There was similar tension in their music. You could, if you wanted, trace aspects of Hawkwind’s sound back to the Summer of Love. The notion of space rock had been more-or-less minted on Pink Floyd’s 1967 debut album The Piper at the Gates of Dawn – the distorted, echoing voices of Hawkwind’s live introduction, Earth Calling, sounded distinctly like a nod to said debut album’s opening track, Astronomy Domine – and when Turner sang, he did so in a blank-eyed, well-enunciated and very middle-class English voice, not a million miles removed from Pink Floyd’s Syd Barrett. Hawkwind’s penchant for willfully repetitious, cyclical vocals recalled the Soft Machine’s famously ad infinitum We Did It Again. But there the similarities ended. Hawkwind had little of the Barrett-era Floyd’s whimsy or childlike wonder and none of the Soft Machine’s love of the highbrow avant garde: you were highly unlikely to encounter a reference to The Wind in the Willows or the Belgian symbolist poet Albert Giraud in a Hawkwind song.

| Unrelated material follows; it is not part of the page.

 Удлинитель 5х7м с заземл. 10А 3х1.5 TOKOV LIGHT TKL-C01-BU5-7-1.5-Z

Turner playing at the 2010 Brecon jazz festival.
Impressive CV … Turner playing at the 2010 Brecon jazz festival. Photograph: Keith Morris/Alamy

Their music was gritty, relentless, aggressive and overwhelming. Hawkwind could sound hypnotic or cathartic, but they never sounded euphoric or beatific: the bit of the drug experience they captured most perfectly wasn’t turning off your mind, relaxing and floating downstream, but the moment of sudden propulsion, where whatever you had taken started kicking in a little too dramatically. Even on the rare occasions when they, in the parlance of the day, “mellowed out” – as on We Took the Wrong Step Years Ago, or the Turner co-write Children of the Sun, both from 1971’s breakthrough In Search of Space – they never sounded terribly chilled: there was something ominous about them even when they broke out the acoustic guitars. “We weren’t looking for peaceful, we were looking for horrid,” said Lemmy. “The spaceship was always broken down with us.”

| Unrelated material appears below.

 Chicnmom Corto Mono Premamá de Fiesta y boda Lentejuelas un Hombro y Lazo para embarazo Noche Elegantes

There’s something to commend every album Turner made with the band – the murky sound of 1972’s Doremi Fasol Latido was a mistake, but it somehow potentiates the atmosphere; 1974’s Hall of the Mountain Grill proved they could provide their own brand of sophistication – although a kind of peak was reached with Space Ritual: its astounding 90 minutes best summed up by the title of the Moorcock-penned track Sonic Attack. It’s a shame the lineup that recorded it couldn’t hold together, but then Hawkwind had always had a revolving door approach: someone was always departing in acrimony or staggering away bearing the scars of over-indulgence.

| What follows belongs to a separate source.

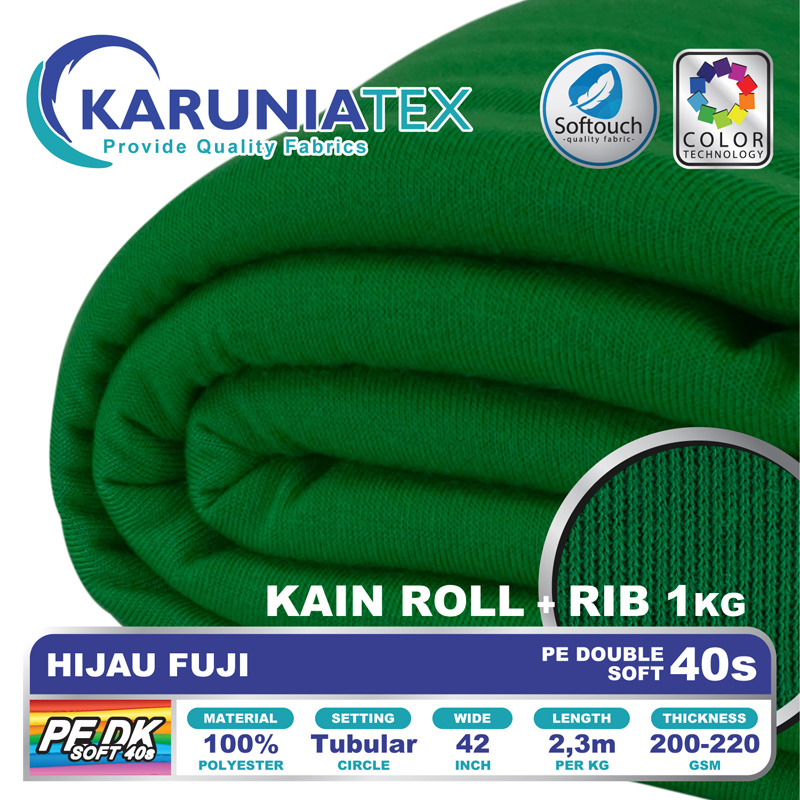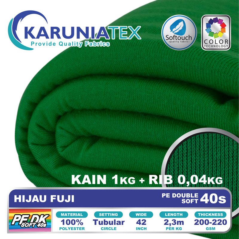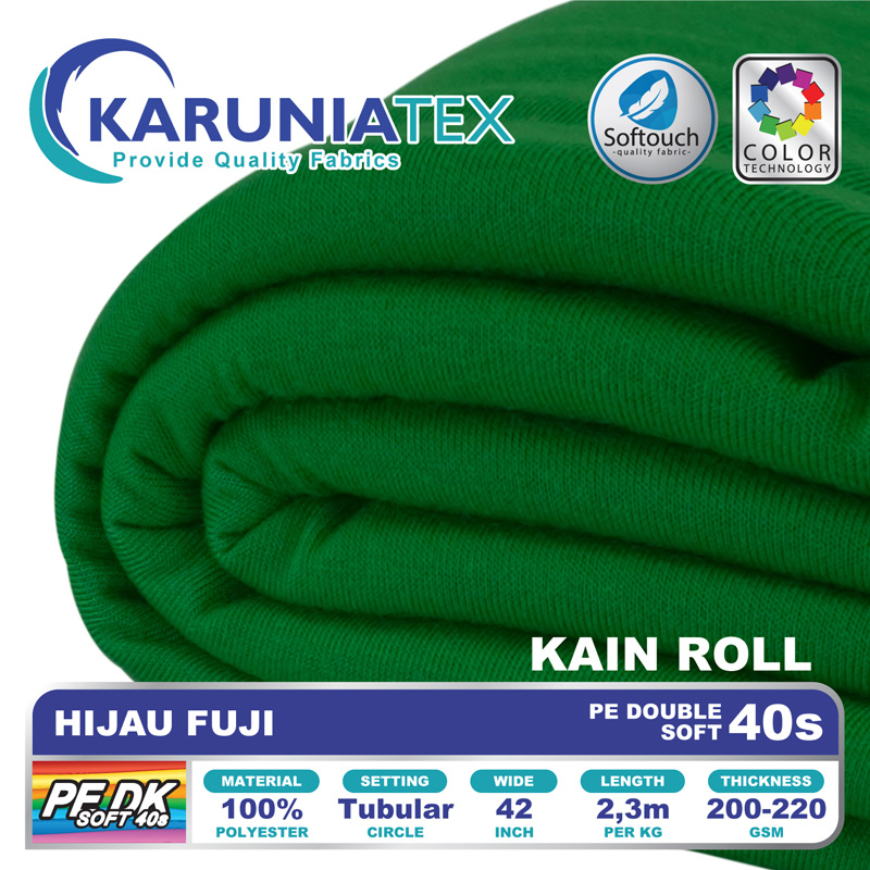 Kain PE Double Soft 40s adalah kain kaos yang terbuat dari serat high quality polyester 100%. Menggunakan teknik rajut ganda (double knitt atau Interlock) dimana kedua lapisan kain saling terhubung. Teknik rajutan ini menghasilkan kain dengan feel lebih tebal dibandingkan dengan rajutan tunggal biasa.

When Turner departed, he went on to an impressively varied career that encompassed everything from jazz to what the title of an album by his subsequent outfit Inner City Unit dubbed “punkadelica” to experiments with the flute: parts of his 1978 album Xitintoday were recorded in the King’s Chamber of the Great Pyramid of Giza. He may well be the only musician who could claim to have recorded with jazz drummer Billy Cobham, Dead Kennedys frontman Jello Biafra and Sting. It’s a hugely impressive CV that pays testament to Turner’s open-mindedness and eclecticism – however turbulent his relationship with Hawkwind, he could clearly fit in with an array of different artists – and it’s meant as no reflection on the quality of his subsequent work to say that it’s Hawkwind he’ll be remembered for. It’s a reflection on how incredible Hawkwind were: despite being rich in the trappings of its era, their music from the 70s doesn’t seem to have dated 50 years on.

“Hawkwind were dangerous, man,” Lemmy offered years later, in an attempt to sum up their appeal. “We used to fuck people up good.” As anyone spurred by Turner’s death to play In Search of Space or Space Ritual at high volume will attest: they still can.